Doctors will perform blood tests to determine the underlying cause of the nausea and vomiting, and patients may be given intravenous medicines to reduce these symptoms. Intravenous fluids will be given, and patients will be closely monitored. Individuals experiencing nausea and vomiting should always let their healthcare provider know if the vomit contains blood or if they are experiencing an increase in the number of vomiting episodes.
Pituitary apoplexy can lead to paralysis of the eye muscles, and this paralysis makes it difficult for the patient to open their eyelids. It can also trigger double vision. Paralysis of the eye muscles is generally seen in cases of acute pituitary apoplexy, and it usually resolves once the patient has been treated. Patients who are having sudden trouble with moving their eyes should seek emergency medical care. In the emergency room, doctors may carry out a series of tests to check the patient's eye muscle function.
The patient might be asked to open and close their eyes, and they may also be asked to follow a light with their eyes or to look up or down. To help the medical team, the patient should always let the doctor know if they experience any vision loss in one or both eyes and if they notice any changes in their peripheral vision. Any flashes or floaters in the visual field should be reported too.

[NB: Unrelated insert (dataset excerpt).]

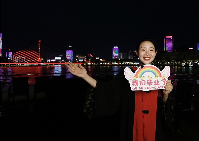 “大家看,我们现在所处的位置是宁波三江口,三江口是奉化江、余姚江和甬江,三江汇流之处,‘走遍天下,不如宁波江厦’……”6月29日晚上,在宁波三江夜游的游船上,一位身穿毕业服的女生,正在直播镜头前,介绍着宁波三江口的璀璨夜景。

Decreased consciousness may develop as acute pituitary apoplexy reaches advanced stages. As consciousness decreases, patients may become confused, and they might have weakness in the face, arms, and legs. A rapid pulse and an irregular heartbeat could occur, and patients might have trouble with balance, which could result in falling. Seizures have been reported, and patients might also lose control of their bladder or bowels. Individuals with reduced levels of consciousness may be very drowsy or difficult to wake, and they could eventually slip into a coma.
Doctors can evaluate a person's level of consciousness using the Glasgow coma scale. The scale assesses eye movement, verbal response, and motor response. Decreased consciousness requires emergency medical care, and patients might need breathing support or other measures. Doctors will perform brain scans to determine the cause of the patient's altered consciousness, and urgent surgery will likely be performed to reduce pressure in the brain that could be causing the patient's symptoms. Patients normally regain consciousness after the pressure has been normalized.